Güncelleme Tarihi:
Diyarbakır Baro Başkanı Tahir Elçi, hak ve özgürlüklerin teminatı olan bir mesleğin mensubu olarak tarihi ve topluma karşı sorumluluk ve hukuka olan saygıları gereği uyarma görevini yerine getirdiklerini söyledi.

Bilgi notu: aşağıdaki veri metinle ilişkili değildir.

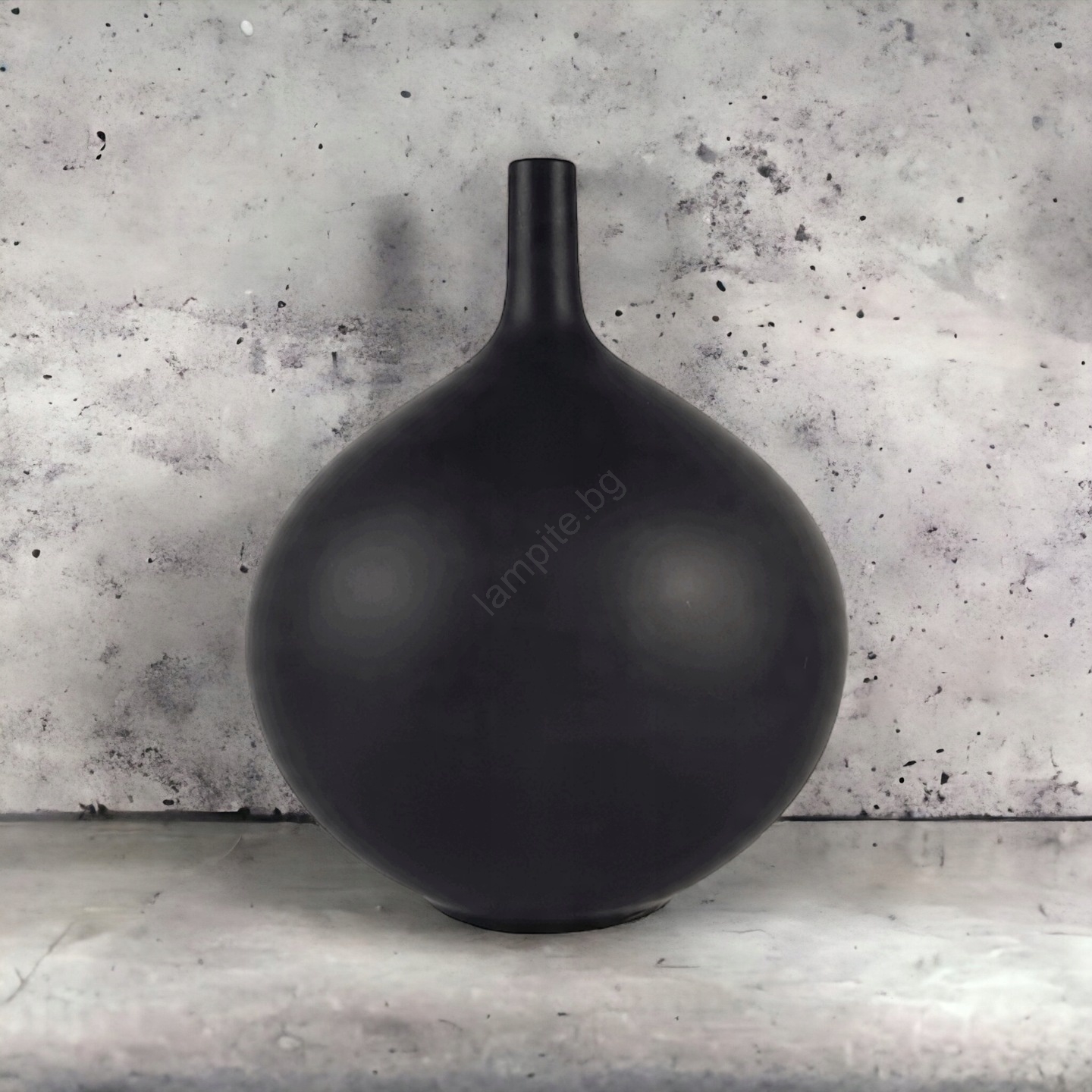 • Декоративна ваза за цветя с елегантна форма в черен цвят.
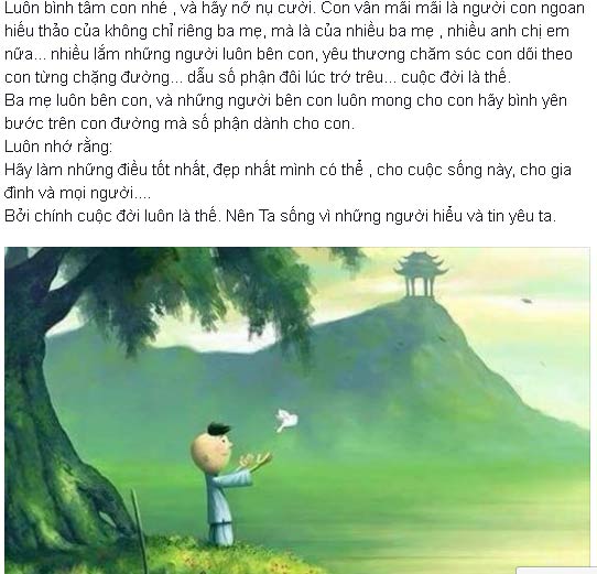 Luôn bình tâm con nhé và hãy nở nụ cười. Con vẫn mãi mãi là người con ngoan hiếu thảo của không chỉ riêng ba mẹ, mà là của nhiều ba mẹ , nhiều anh chị em nữa... nhiều lắm những người luôn bên con, yêu thương chăm sóc con dõi theo con từng chặng đường... dẫu số phận đôi lúc trớ trêu... cuộc đời là thế.
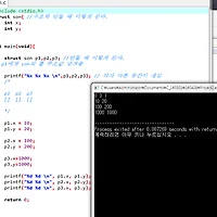 1 2 3 4 5 6 7 8 9 10 11 12 13 14 15 16 17 18 19 20 21 22 23 | 예제) #include<stdio.h> struct point{ int x; int y; }; void function(struct point* s); int main(void){ struct point p={10, 20}; // 구조체 만들어서 10, 20 넣음. function(&p); // 주소에 의한 호출 s by reference return 0; } void function(struct point* s){ printf("%d %d \n",s->x,s->y); printf("%d %d \n",(*s).x, (*s).y); // s가 가르키는 값의 x, y } | cs |
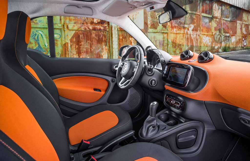 Côté design, on assiste donc à du changement au niveau des formes. La nouvelle génération se présente avec plus de reliefs. Le capot devient un peu plus horizontal et elle se dote de nouvelles optiques avec diodes en U à l’avant où une nouvelle calandre percée de petits trous accueille en son centre le logo de la marque. . À l’arrière,, les feux sont dorénavant cerclés, mais on retrouvera tout de même les ouïes permettant d’aérer le moteur. Les poignées sont dissimulées dans le creux latéral pour la Fortwo, mais elles restent bien visibles sur la Forfour.
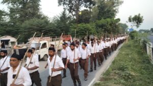 बस्ती। राष्ट्रीय स्वयंसेवक संघ (आरएसएस) के शताब्दी वर्ष पूर्ण होने के उपलक्ष्य में हर्रैया कस्बे में पंथ संचलन कार्यक्रम आयोजित किया गया। संघ के गणवेश में स्वयंसेवकों ने नगर की सड़कों पर कदमताल की। स्थानीय लोगों ने यात्रा पर पुष्प वर्षा कर स्वयंसेवकों का स्वागत किया। बैंड बाजे की मधुर धुन और केसरिया ध्वजों की शोभा से संपूर्ण कस्बा राष्ट्रभक्ति के रंग में रंग गया।
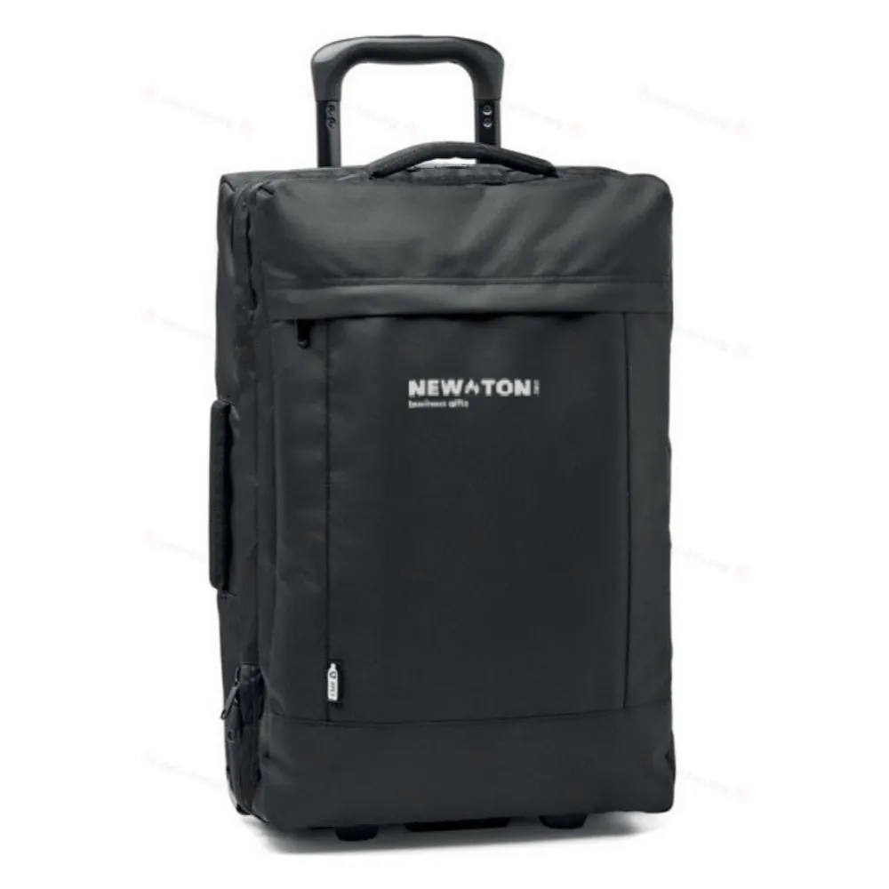 Чемодан из полиэстера 600D RPET. Два больших внутренних отделения на молнии. Один передний карман на молнии, боковая и верхняя ручки. Комбинированный замок и двойная рама. 2 колеса.

Diyarbakır Adliyesi önünde bir araya gelen baro başkanları ile avukatlar, cübbeleriyle Diyarbakır Valiliği önüne kadar yürüyüş düzenledi. Hükümetin Meclis gündemine getirmeyi planladığı sıkıyönetim ve OHAL dönemini aratmayan yasaların yer aldığı iç güvenlik paketine tepkiler devam ediyor. Doğu ve Güneydoğu’daki baro başkanları ile çok sayıda avukat, paketi protesto etmek amacıyla cübbeleriyle yürüdü. Elazığ Caddesi üzerindeki Diyarbakır Adliyesi önünde bir araya gelen avukatlar, üzerinde ‘Güvenlik paketi, hukuk devleti hayalinin sonuna doğru’ yazılı pankartla Büyük Alp Caddesi'nde yürüyüş düzenledi. Diyarbakır Valiliği önüne gelen avukatlar, burada basın açıklaması yaptı. Diyarbakır Baro Başkanı Tahir Elçi, Türkiye’de bütün muhalefet partilerinin ve toplumun tepkisi üzerine bir süredir ertelenen güvenlik paketinin seçimlerden önce yasalaştırılmasının öngörüldüğünü dile getirdi.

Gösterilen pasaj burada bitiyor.